» Data for the task
################

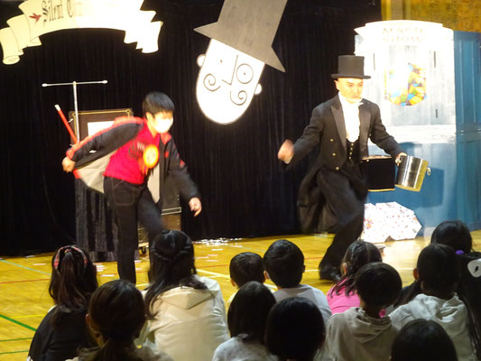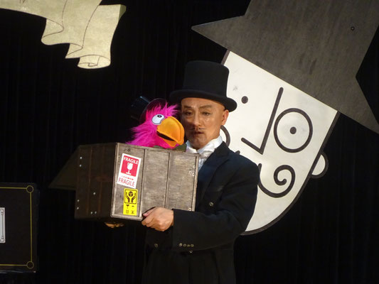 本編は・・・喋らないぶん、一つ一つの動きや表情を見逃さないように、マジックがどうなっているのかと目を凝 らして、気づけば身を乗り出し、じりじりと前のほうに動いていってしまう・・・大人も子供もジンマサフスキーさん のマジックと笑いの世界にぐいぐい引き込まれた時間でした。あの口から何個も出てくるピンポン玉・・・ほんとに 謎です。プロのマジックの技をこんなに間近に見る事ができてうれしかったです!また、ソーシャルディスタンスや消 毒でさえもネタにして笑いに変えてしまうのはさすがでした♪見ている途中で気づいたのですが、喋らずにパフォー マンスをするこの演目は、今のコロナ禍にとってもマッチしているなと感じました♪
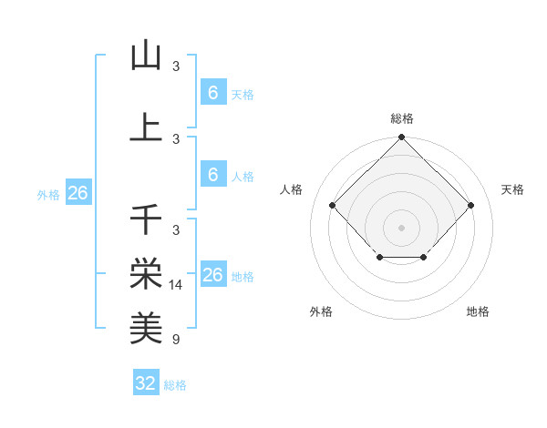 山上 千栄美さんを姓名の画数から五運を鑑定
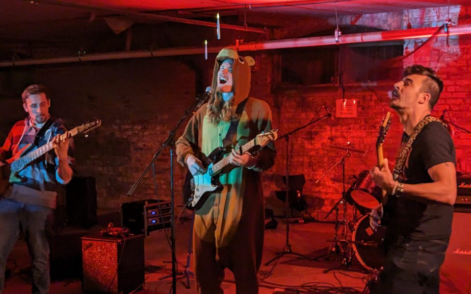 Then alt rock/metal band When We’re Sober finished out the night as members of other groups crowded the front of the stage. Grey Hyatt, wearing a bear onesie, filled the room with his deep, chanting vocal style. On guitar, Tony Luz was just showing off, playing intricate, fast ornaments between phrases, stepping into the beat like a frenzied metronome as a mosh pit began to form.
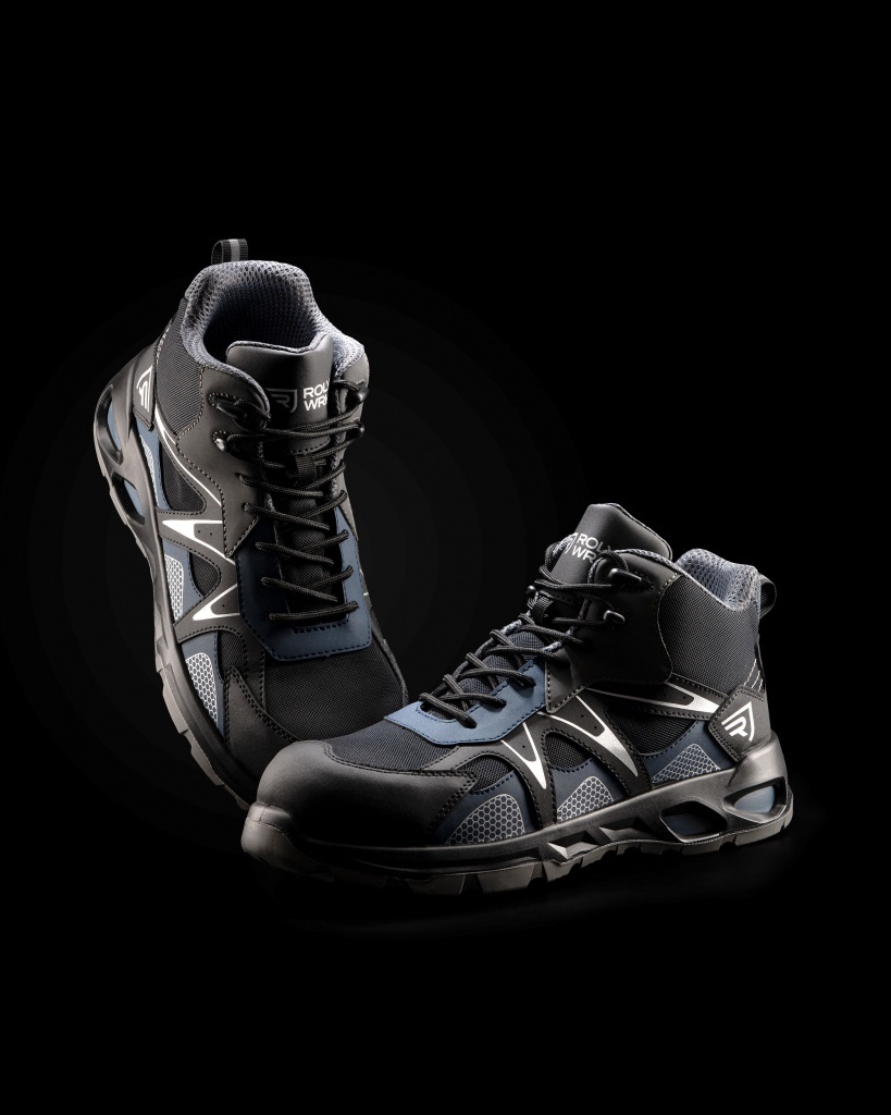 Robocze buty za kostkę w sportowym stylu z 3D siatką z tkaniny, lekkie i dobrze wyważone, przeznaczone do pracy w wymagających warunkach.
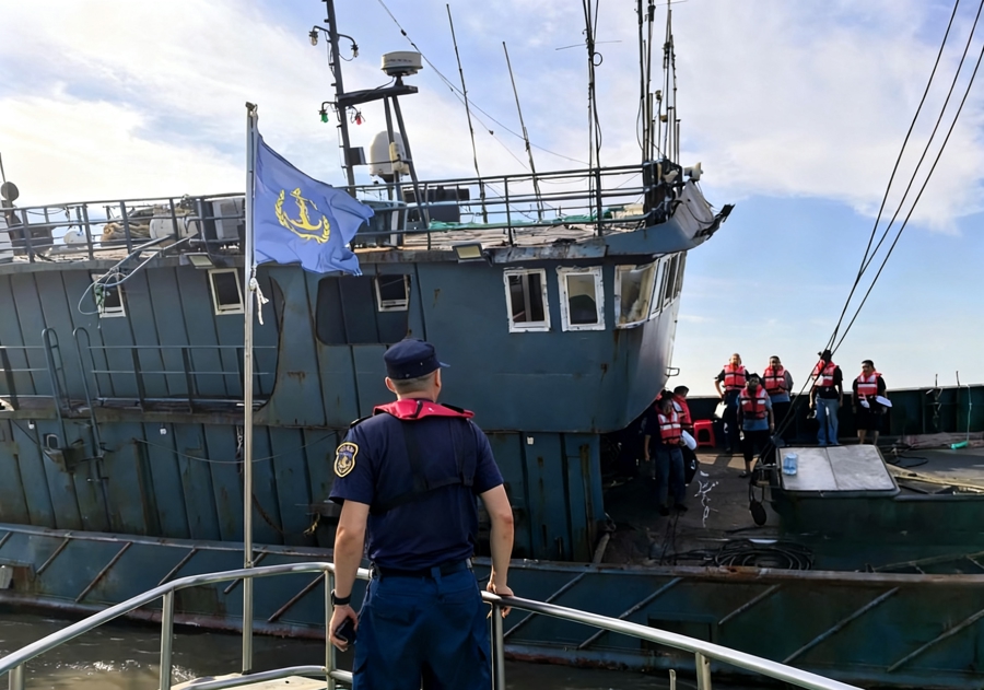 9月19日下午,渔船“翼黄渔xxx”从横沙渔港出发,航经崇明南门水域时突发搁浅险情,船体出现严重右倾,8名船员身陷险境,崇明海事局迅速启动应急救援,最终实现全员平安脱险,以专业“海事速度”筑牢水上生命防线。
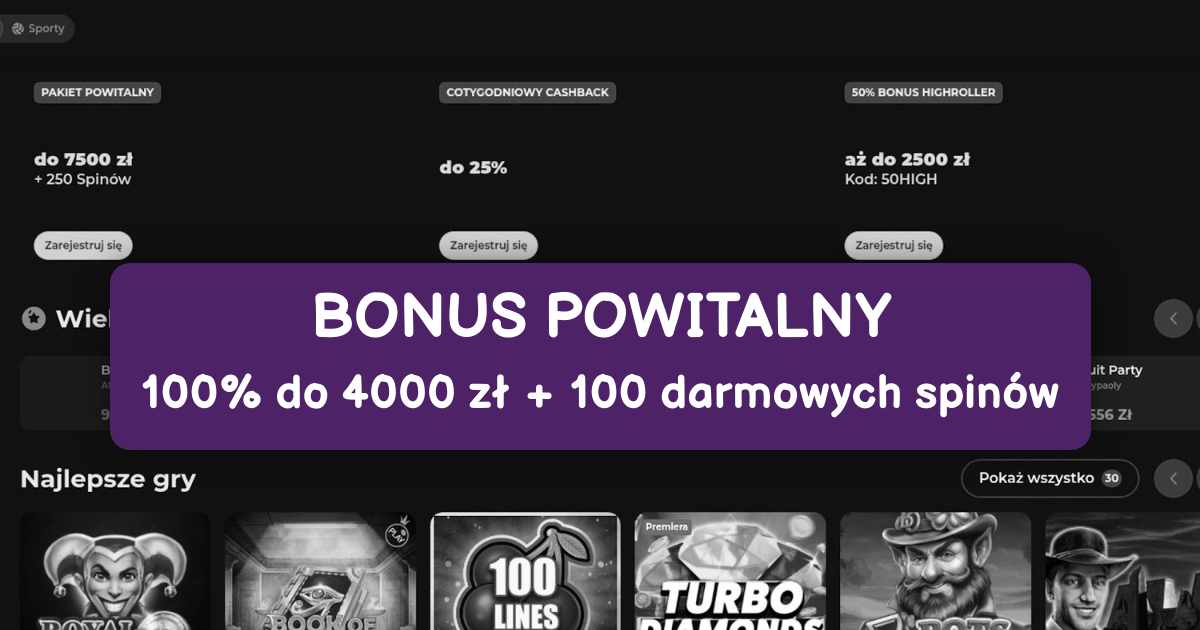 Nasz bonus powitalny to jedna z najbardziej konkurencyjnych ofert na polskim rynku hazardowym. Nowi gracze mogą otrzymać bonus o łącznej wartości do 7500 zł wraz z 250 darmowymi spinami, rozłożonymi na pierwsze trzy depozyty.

################

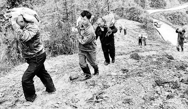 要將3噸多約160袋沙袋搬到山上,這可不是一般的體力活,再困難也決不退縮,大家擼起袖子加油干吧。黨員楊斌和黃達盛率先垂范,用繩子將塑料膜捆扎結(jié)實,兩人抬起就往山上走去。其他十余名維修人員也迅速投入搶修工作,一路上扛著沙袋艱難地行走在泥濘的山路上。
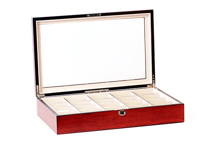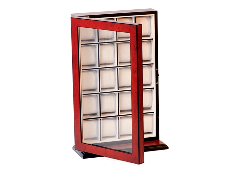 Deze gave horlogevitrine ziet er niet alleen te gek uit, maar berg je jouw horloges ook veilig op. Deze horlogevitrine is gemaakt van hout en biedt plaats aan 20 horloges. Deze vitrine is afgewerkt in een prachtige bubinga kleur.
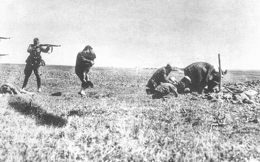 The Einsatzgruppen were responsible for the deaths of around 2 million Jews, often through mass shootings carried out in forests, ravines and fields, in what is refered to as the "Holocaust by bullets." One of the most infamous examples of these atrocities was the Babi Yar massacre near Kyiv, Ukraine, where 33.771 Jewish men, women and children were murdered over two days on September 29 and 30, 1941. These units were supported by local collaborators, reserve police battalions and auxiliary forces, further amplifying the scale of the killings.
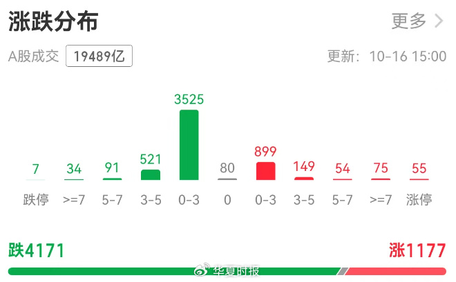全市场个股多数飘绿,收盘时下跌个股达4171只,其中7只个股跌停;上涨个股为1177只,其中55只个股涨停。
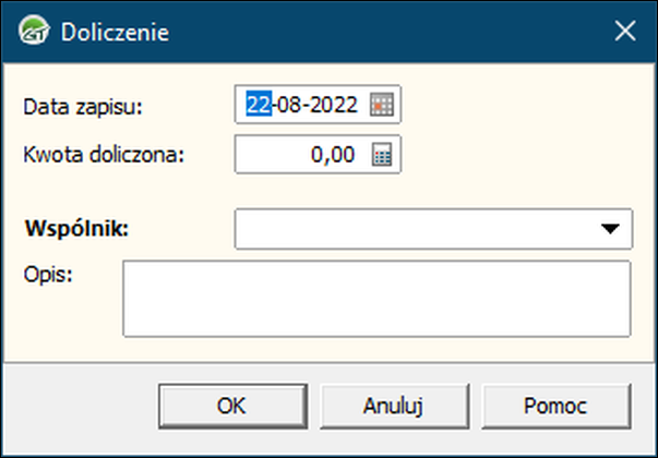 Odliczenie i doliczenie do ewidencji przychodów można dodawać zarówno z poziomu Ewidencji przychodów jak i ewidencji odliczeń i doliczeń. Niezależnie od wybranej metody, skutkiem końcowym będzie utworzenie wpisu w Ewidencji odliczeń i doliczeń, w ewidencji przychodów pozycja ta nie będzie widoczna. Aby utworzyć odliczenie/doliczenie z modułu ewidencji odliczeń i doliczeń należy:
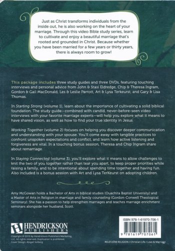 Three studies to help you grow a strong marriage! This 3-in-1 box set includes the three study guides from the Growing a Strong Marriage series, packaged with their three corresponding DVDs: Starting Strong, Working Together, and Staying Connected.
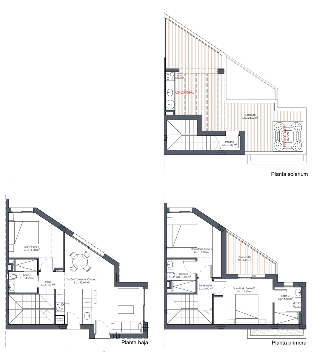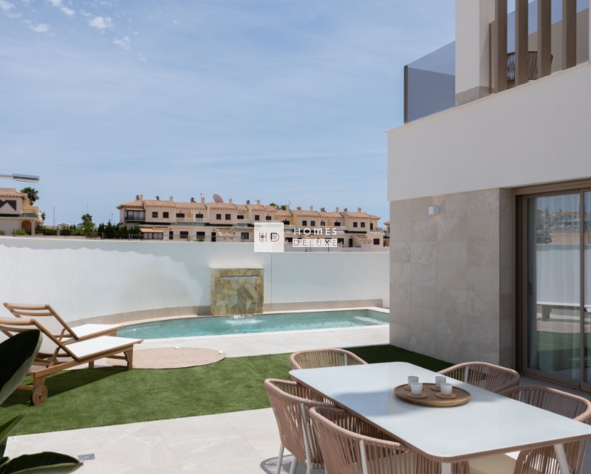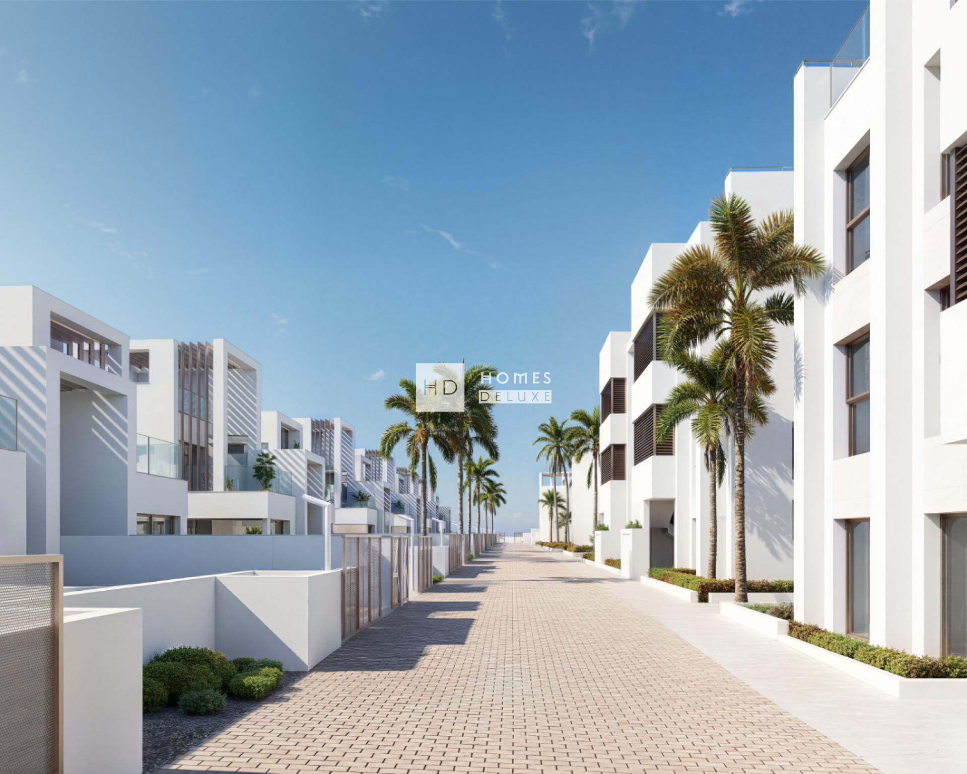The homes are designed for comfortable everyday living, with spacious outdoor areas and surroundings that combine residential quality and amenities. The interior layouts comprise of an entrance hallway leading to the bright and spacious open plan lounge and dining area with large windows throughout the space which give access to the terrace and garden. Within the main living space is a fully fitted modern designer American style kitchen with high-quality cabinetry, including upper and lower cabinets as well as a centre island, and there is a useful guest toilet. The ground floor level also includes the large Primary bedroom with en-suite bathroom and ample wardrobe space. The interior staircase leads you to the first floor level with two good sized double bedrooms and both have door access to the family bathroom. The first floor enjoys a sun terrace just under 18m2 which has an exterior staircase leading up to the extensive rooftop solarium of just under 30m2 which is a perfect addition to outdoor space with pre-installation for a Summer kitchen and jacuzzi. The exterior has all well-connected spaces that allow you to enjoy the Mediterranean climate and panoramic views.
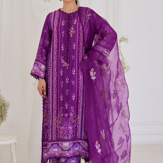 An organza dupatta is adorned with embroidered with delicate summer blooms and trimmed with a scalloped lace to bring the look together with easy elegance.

################

» What you have to do
Copy only this from above: the line containing "The Einsatzgruppen were", the line containing "全市场个股多数飘绿,收盘时下", and all lines between, printed exactly. Leave out the pictures.

» Response to this exercise
 The Einsatzgruppen were responsible for the deaths of around 2 million Jews, often through mass shootings carried out in forests, ravines and fields, in what is refered to as the "Holocaust by bullets." One of the most infamous examples of these atrocities was the Babi Yar massacre near Kyiv, Ukraine, where 33.771 Jewish men, women and children were murdered over two days on September 29 and 30, 1941. These units were supported by local collaborators, reserve police battalions and auxiliary forces, further amplifying the scale of the killings.
全市场个股多数飘绿,收盘时下跌个股达4171只,其中7只个股跌停;上涨个股为1177只,其中55只个股涨停。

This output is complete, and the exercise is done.